NOTA:6/10
Por Caio Aquino
Após o icônico personagem dos videogames render mais de 1 bilhão à Illumination, o estúdio recebeu sinal verde para expandir o universo com uma das sequências mais famosas do encanador em “Super Mario Galaxy”.
A Nintendo faz uma aposta ainda mais ousada nesta continuação de “Super Mario Bros.”, buscando manter o sucesso do filme anterior enquanto amplia seu universo para futuras produções, atraindo tanto fãs antigos quanto novos.
De fato, o longa funciona como uma verdadeira bomba de nostalgia para o público de longa data e como uma diversão imediata para as crianças. No entanto, o filme peca ao tentar se desenvolver como obra cinematográfica, apresentando uma narrativa que, embora dinâmica, muitas vezes parece existir apenas como ponte para a próxima referência.
Após derrotar Bowser e salvar o Brooklyn, Mario e seus amigos passam a enfrentar uma nova ameaça: Bowser Jr., conspira para dominar o mundo. Para detê-los, o grupo se vê obrigado a unir forças com Yoshi, formando uma aliança improvável diante do novo perigo.
A condução da história é acelerada, especialmente pelo viés cômico — uma escolha coerente com o público-alvo. As piadas, por vezes, funcionam apenas para as crianças; em outros momentos, atingem ambos os públicos; e, em alguns casos, simplesmente não funcionam.

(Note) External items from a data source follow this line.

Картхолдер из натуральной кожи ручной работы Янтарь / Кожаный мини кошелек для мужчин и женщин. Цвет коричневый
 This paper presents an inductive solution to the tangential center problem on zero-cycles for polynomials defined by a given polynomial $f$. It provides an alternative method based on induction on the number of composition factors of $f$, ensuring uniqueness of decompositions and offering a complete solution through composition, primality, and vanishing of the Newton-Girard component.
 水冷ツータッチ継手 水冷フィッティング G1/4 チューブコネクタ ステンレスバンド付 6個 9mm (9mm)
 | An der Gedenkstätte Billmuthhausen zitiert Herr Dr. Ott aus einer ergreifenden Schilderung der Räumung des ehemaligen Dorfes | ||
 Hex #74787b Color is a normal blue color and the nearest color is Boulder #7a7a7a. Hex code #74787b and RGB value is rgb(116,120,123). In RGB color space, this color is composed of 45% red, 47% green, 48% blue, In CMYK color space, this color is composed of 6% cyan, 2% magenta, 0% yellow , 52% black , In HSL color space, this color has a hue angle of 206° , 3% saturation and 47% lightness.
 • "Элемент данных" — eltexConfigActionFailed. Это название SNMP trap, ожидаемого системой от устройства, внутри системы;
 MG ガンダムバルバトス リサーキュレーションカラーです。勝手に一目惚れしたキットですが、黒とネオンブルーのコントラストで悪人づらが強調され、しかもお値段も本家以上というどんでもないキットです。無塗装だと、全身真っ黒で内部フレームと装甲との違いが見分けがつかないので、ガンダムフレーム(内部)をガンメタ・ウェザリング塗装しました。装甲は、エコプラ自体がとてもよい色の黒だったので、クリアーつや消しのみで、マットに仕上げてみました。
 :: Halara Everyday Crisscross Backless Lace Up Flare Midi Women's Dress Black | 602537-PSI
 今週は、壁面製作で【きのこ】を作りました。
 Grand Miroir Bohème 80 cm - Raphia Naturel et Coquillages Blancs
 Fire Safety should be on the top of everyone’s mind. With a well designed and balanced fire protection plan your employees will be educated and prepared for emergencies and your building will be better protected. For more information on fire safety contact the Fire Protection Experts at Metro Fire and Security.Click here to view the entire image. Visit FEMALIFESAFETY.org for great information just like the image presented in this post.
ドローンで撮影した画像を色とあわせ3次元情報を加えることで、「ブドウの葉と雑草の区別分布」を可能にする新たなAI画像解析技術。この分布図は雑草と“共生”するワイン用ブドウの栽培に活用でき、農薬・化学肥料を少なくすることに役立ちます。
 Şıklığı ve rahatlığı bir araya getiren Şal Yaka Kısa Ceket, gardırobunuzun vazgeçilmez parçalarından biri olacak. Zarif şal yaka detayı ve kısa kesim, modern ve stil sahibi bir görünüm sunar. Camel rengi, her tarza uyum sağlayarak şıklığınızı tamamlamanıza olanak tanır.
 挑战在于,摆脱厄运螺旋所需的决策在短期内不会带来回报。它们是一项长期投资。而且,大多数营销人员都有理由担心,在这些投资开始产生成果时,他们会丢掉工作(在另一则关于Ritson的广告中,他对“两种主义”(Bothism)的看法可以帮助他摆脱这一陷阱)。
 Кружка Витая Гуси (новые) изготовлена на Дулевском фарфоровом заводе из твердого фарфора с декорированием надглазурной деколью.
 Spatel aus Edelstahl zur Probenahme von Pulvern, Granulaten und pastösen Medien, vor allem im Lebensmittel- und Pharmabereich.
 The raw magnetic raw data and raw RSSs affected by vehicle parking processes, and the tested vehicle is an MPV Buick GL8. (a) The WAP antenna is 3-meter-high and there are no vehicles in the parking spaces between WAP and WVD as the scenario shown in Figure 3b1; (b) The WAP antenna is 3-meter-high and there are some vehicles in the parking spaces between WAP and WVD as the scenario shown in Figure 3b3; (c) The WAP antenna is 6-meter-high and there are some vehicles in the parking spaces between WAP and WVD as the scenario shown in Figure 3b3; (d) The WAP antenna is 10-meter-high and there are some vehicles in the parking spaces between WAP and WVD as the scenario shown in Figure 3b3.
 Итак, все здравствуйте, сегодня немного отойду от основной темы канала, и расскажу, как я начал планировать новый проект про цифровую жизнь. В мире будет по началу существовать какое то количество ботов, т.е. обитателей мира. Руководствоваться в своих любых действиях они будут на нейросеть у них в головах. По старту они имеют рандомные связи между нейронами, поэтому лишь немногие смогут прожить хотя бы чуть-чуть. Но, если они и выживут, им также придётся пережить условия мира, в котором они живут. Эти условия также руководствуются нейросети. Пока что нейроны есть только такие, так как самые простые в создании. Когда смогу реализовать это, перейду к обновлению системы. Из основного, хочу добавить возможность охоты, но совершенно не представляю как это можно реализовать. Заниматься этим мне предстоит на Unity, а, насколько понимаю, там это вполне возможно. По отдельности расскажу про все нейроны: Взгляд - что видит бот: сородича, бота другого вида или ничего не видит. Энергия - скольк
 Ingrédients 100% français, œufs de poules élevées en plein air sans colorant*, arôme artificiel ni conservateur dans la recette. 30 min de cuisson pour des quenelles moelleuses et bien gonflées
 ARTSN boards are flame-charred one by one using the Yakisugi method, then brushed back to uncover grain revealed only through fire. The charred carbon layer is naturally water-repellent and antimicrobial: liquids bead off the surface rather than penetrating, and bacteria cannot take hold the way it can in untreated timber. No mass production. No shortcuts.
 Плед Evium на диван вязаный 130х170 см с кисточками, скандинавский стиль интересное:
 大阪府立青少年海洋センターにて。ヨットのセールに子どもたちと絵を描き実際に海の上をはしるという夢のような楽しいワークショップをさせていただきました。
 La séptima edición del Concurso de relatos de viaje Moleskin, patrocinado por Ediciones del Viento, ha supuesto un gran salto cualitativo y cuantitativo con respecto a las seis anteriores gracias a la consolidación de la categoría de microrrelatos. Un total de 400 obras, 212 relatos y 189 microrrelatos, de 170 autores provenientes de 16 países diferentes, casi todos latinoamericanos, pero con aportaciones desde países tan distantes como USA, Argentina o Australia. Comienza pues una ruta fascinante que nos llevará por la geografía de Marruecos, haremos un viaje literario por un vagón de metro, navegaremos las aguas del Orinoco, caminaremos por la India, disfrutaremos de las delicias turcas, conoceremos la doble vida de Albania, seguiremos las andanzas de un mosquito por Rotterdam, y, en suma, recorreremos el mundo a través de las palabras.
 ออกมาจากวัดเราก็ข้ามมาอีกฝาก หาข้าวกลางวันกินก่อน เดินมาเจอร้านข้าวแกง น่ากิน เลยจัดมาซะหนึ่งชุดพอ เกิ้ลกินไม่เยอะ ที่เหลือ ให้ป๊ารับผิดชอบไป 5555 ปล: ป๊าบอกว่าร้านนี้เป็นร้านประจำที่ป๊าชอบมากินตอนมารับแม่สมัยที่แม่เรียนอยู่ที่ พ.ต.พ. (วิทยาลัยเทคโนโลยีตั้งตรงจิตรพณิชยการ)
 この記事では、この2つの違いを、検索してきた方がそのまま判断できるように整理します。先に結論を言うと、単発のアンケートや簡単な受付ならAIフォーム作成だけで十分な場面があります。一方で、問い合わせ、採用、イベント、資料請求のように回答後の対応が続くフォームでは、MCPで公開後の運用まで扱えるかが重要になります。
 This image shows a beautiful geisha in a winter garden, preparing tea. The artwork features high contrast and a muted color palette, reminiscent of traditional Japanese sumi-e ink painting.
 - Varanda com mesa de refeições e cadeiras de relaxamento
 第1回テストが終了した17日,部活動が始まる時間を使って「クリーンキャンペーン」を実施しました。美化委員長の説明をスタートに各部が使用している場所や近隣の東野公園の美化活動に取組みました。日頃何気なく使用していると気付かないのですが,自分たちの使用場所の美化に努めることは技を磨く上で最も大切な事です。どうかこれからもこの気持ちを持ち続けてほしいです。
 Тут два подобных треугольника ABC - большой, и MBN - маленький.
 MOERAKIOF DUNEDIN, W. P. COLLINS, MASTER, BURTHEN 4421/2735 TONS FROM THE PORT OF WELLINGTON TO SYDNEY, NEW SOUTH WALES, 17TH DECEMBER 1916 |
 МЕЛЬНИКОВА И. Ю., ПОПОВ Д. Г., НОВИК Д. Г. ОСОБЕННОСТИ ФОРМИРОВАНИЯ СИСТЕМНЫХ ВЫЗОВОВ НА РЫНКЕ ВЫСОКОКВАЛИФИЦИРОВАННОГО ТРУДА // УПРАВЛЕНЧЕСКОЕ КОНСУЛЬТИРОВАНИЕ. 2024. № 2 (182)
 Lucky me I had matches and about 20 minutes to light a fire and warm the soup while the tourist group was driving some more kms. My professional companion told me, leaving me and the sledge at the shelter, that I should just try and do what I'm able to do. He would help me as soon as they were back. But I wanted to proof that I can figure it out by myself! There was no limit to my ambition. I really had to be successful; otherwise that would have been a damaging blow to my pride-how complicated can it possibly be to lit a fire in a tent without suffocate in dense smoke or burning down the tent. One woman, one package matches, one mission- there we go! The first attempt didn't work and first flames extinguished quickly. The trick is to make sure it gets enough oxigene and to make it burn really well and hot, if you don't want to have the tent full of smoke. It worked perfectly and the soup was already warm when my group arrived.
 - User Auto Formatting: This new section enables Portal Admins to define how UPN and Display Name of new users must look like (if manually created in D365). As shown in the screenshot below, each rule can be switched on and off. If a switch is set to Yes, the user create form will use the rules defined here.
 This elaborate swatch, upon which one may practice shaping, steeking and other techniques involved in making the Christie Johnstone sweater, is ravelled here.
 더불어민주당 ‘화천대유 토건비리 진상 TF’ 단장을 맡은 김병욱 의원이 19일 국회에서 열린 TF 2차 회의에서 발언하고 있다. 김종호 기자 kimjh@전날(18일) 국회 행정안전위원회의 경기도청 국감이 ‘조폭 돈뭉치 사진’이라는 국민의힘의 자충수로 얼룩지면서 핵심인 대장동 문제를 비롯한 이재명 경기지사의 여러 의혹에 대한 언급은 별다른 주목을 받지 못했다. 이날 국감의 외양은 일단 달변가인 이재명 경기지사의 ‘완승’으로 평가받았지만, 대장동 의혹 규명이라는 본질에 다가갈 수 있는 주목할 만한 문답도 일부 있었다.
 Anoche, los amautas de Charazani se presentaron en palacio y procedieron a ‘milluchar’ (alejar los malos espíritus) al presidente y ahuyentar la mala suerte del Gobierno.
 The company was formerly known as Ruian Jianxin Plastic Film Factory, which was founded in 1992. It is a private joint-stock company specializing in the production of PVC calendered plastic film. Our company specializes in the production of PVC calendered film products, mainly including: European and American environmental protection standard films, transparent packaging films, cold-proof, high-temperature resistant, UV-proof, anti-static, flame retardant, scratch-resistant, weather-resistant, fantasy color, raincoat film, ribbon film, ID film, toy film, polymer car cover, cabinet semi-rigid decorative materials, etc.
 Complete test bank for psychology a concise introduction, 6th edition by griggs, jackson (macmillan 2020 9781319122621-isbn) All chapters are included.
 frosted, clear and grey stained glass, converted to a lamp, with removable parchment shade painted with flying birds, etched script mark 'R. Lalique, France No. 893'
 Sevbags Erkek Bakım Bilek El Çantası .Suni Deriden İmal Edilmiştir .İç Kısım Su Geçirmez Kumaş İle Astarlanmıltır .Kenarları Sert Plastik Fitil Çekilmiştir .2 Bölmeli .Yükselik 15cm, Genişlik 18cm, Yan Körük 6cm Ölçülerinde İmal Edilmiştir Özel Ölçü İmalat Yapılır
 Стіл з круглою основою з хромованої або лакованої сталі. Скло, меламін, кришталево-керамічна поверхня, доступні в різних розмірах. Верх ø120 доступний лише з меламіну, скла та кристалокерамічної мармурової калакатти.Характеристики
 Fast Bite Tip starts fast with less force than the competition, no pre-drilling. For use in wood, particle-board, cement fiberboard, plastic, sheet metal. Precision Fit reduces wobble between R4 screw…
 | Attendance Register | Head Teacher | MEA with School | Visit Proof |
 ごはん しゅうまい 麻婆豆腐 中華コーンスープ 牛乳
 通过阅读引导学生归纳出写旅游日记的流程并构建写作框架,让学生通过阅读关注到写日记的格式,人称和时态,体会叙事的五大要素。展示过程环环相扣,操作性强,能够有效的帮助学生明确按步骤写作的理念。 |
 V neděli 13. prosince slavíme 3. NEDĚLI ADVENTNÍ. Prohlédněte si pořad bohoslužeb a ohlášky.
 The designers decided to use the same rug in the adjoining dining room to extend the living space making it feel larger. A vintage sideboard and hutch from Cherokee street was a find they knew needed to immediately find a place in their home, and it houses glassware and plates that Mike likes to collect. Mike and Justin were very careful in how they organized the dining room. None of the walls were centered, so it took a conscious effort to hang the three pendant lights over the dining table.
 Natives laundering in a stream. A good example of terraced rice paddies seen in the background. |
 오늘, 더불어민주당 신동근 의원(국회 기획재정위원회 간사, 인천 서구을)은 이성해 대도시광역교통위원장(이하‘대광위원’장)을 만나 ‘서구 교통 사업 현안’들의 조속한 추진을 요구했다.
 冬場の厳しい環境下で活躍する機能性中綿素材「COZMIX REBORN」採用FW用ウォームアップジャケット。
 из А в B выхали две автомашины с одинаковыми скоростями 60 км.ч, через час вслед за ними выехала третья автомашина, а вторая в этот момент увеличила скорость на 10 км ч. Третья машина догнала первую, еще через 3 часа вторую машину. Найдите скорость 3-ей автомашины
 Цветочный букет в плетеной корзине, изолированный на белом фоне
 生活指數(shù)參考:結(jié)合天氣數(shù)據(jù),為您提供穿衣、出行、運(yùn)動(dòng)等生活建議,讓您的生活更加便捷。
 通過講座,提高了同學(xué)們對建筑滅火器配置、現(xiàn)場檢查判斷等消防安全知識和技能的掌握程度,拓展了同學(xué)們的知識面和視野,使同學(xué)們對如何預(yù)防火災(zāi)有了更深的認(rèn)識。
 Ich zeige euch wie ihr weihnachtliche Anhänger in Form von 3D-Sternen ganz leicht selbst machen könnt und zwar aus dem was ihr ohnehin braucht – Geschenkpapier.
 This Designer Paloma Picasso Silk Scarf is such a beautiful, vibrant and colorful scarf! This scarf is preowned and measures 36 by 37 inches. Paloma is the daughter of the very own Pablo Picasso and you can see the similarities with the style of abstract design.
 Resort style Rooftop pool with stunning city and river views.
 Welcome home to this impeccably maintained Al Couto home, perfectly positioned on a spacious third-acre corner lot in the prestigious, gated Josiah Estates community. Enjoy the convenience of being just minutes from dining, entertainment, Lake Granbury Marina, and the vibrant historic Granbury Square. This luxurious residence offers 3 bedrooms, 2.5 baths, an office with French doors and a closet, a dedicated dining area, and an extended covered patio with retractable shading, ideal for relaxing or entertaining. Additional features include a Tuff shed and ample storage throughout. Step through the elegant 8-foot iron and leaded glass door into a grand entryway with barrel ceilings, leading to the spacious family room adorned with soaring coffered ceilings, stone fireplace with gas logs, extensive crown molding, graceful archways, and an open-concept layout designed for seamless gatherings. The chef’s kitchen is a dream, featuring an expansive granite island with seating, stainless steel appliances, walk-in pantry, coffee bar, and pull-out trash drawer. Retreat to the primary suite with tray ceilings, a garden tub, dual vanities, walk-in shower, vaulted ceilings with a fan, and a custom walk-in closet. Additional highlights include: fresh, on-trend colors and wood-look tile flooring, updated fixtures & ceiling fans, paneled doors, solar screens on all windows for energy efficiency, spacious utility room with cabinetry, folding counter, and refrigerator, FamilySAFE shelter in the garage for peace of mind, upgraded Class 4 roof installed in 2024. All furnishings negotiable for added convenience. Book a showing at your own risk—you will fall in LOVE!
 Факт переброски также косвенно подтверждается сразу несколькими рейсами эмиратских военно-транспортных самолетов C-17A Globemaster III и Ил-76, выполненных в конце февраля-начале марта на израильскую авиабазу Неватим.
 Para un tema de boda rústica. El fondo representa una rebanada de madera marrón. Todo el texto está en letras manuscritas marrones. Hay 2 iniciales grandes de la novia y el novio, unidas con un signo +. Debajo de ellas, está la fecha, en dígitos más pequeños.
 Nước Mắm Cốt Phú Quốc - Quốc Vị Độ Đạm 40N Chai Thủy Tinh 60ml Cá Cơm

Há situações em que o excesso compromete o efeito. Em determinado momento, uma mesma piada é repetida diversas vezes em um curto intervalo: na primeira, soa levemente divertida; nas repetições seguintes, perde força e passa a gerar uma sensação de cansaço — refletida até mesmo nos próprios personagens.
Dentro desse cenário, quem mais se destaca é Yoshi. Mais do que Mario e Luigi, o dinossauro traz frescor a uma narrativa que frequentemente repete elementos já conhecidos. Interpretado por Donald Glover, o personagem consegue se comunicar com o público mesmo tendo como única fala “Yoshi”.
Seu humor físico dita o tom de suas aparições, consolidando-o como o principal alívio cômico do filme desde sua introdução. Ainda que não desempenhe um papel central na trama, acaba se tornando o elemento mais marcante da produção.
Ao final, “Super Mario Galaxy” cumpre seu objetivo. Resgata o fã antigo ao revisitar o universo da Nintendo — não apenas o de Mario — e leva famílias e crianças ao cinema, que, mesmo sem contato prévio com a obra original, conseguem se conectar e se divertir com a história proposta.